BUNU BİLMİYORSANIZ
Manşet Haber 6.08.2020 11:12:46 0

BUNU BİLMİYORSANIZ 'YİNE' ALDATILIYORSUNUZ!

BUNU BİLMİYORSANIZ 'YİNE' ALDATILIYORSUNUZ!


- Salgın yaşanırken başka ülkelerin aldıkları kararlar kadar; “iktidarın” yurttaşın yaşamını kolaylaştırıcı yönde yaklaşımları önemli değil mi,  yurttaşına ‘yaşamınızı sürdürmeniz için her türlü desteği yapmayı sürdüreceğiz’ diyen ülkelerin tutumu çok mu anlamsız?





Evet, “biz bize yeteriz”; ancak “acıyı bölüşürsek”…





Dün yazıyı böyle bitirince, “biz bize yetmiyor muyuz, acıyı paylaşmıyor muyuz” sorusu akıllara gelmiştir!





Gerçekten “paylaşmayı” seviyor muyuz biz, yoksa “hepsi benim olsun, dediğimden çıkılmasın, bildiğim uygulansın” mı isteniyor?





Bunları düşünmeyecek denli “iç pazarlığı” olmayan, bu tür ayak oyunlarına kafa yormayacak denli “saf/ yalın” iç-dinamiklerden oluşmuş yaşadığımız toplum!





“Beni aldattılar” diyeni kucaklayan,





“Bacılarımıza şiddet uyguladılar” diyene omuz veren bir toplum…





***





“İktidar” bir yandan, yerel yönetimler bir yandan, kentlerdeki sözcüleri bir yandan covid 19 için “yapıldı” denilenlere ne denli inandırıldık, görmüşsünüzdür!





Yeni düzenlemeler yapılmıştır, yasaklamalar getirilmiştir, yurttaşı rahatlatıcı kararlar alınmıştır gibi…





Yerelde banklar yenilenmiştir, parklar elden geçirilmiştir, toplu taşıma araçları olası virüse karşı arındırılmıştır, sivrisineğe karşı ilaçlama yapılmıştır gibi…





Yaşadığımız toplumun “iç dinamikleri” nedeniyle, “bu” denilenlere inanmakta zorlanmıyoruz!





“İktidarın” çalışmalarını,





“Yerel yönetimlerin” yaptıklarını “kaç kişi” yetersiz buluyor, “kaç kişi” olumsuz sonuçlarını dile getiriyor, “kaç kişi”…





Ulusal medyanın “haber” ağırlıklı kanallarını izleyenler, “kimlerin” olanlara alkış tuttuğunu/ eksiksiz savunduğunu görecektir!





**





İnsan olmadan; ne devletlerin, ne sistemlerin, ne kapitallerin, ne dünya toprakları üzerinde bulunan varlıkların “anlamsız” olduğunu düşünenlerdenim…





Tüm/ her şeyi anlamlandıran “insan”dır!





İnsanın var olmasını/ sağlıklı biçimde yaşamını sürmesini bir yana bırakarak, salt topraklar üzerinde kurulu varlıkların “sürekliliğini” dile getirdiğinizde; verdiğiniz çabaların içi “insansız” olduğu için anlam taşımayacaktır!





Şunu soracağız:





Covid 19 sürecinde, yanlarınızı çevirenlerin yatlarını, katlarını, deniz kıyılarındaki dinlence yatırımlarını, yine dinlence otellerini, alışveriş merkezlerini, yurttaşı darboğaza sürükleyerek “çok kazanmasının” önünü açmadınız mı?

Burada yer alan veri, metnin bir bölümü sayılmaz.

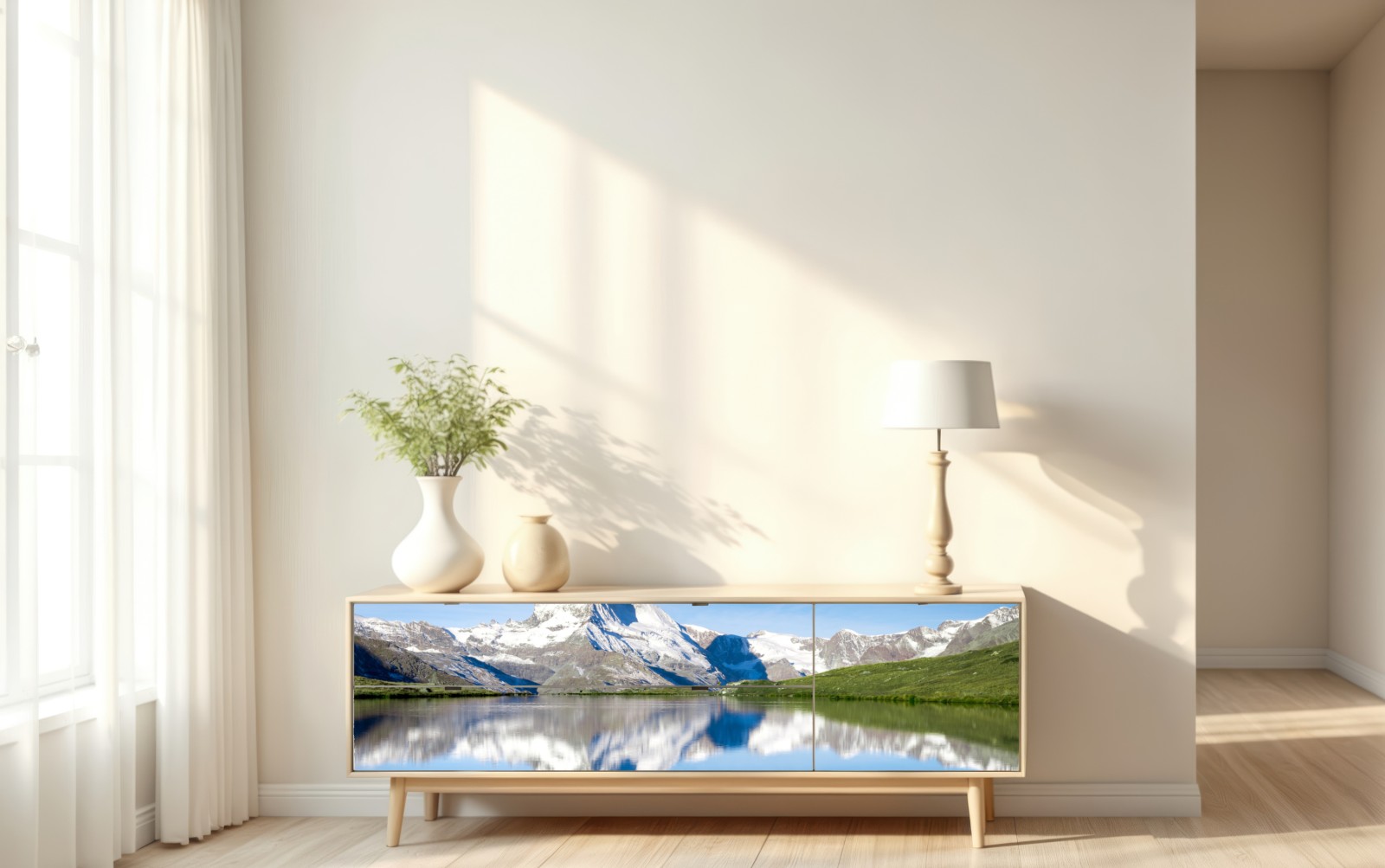 Repositionierbarer Aufkleber Majestätische bergspiegelung über alpensee

Geleceğini “tutu” altına alarak; bankaların kredi musluklarını açmadınız mı, kredilerin çokuluslu otomobil/ beyaz eşya/ inşaat sektörüne kaymasını sağlamadınız mı, bugünlerde ödeme günü gelen yurttaşlar üzerinden belli katmanı sevindirmediniz mi?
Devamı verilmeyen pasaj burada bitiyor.